--- START ---

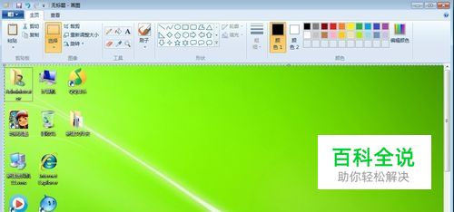 打开“画图”后,同时按下键盘上的Ctrl+V键,将之前截取的整个屏幕图片粘贴到画图里。
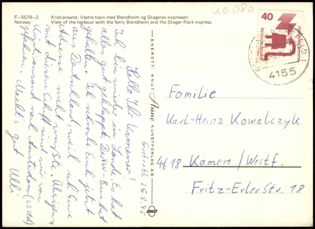Kristiansand S Christianssand Hafen Scchiff Skagerak-expressen. 1975
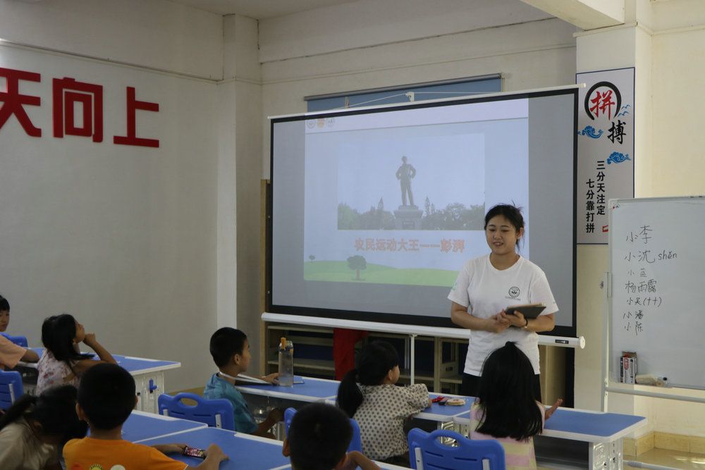 8月24日上午,師生一行來到深汕特別合作區赤石鎮圓墩村,走進村里的“四點半”課堂,開展支教活動。支教隊員通過播放影像資料、族譜繪制、趣味競答等方式,講述了彭湃的革命事跡及其家族一門多烈士的英勇壯舉,在小朋友們的心中埋下了一顆紅色的種子。
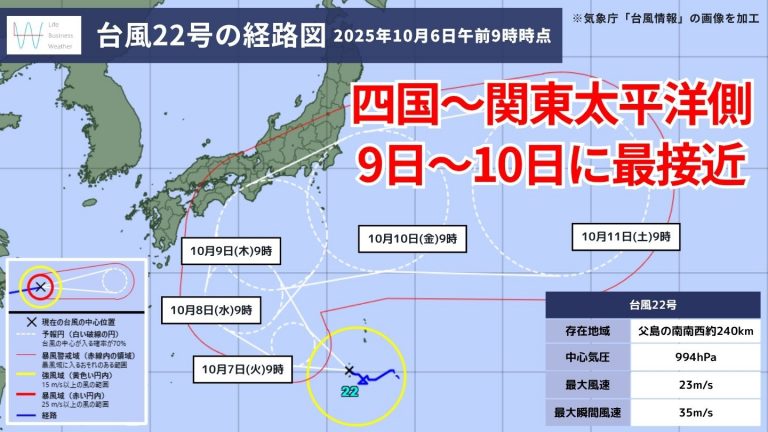 昨日5日(日)に発生した台風22号は、今日6日(月)午前9時時点で父島の南南西の海上をゆっくりと西よりに進んでいて、明日7日(火)は強い勢力で日本の南へと進むでしょう。9日(木)には一時的に非常に強い勢力へと変わり、10日(金)には強い勢力で日本の東へ達しそうです。
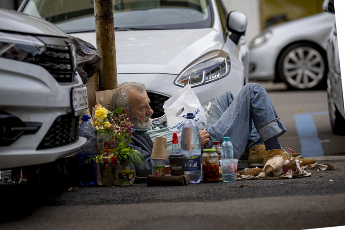 Мужчина, окруженный бутылками с водой, лежит на тротуаре в Бухаресте, Румыния
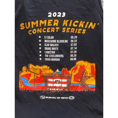 Rock this unique tank top featuring a bold design on both sides! The front showcases the iconic General Duffy's Waterhole logo, while the back commemorates the 2023 Summer Kickin' Concert Series sponsored by Subaru of Bend, listing all the artists and dates. This tank is a statement piece that combines local pride with a love for live music. Imagine yourself wearing this to a casual summer barbecue, a local concert, or even just while running errands around town, showing off your unique style and appreciation for good times.

--- END ---

#### TASK ITEM
Starting at the line that holds "Мужчина, окруженный бутылками" and ending at the last line of the material above, repeat each line exactly, both ends included, and leave the pictures out.

#### WRITTEN ANSWER
 Мужчина, окруженный бутылками с водой, лежит на тротуаре в Бухаресте, Румыния
 Rock this unique tank top featuring a bold design on both sides! The front showcases the iconic General Duffy's Waterhole logo, while the back commemorates the 2023 Summer Kickin' Concert Series sponsored by Subaru of Bend, listing all the artists and dates. This tank is a statement piece that combines local pride with a love for live music. Imagine yourself wearing this to a casual summer barbecue, a local concert, or even just while running errands around town, showing off your unique style and appreciation for good times.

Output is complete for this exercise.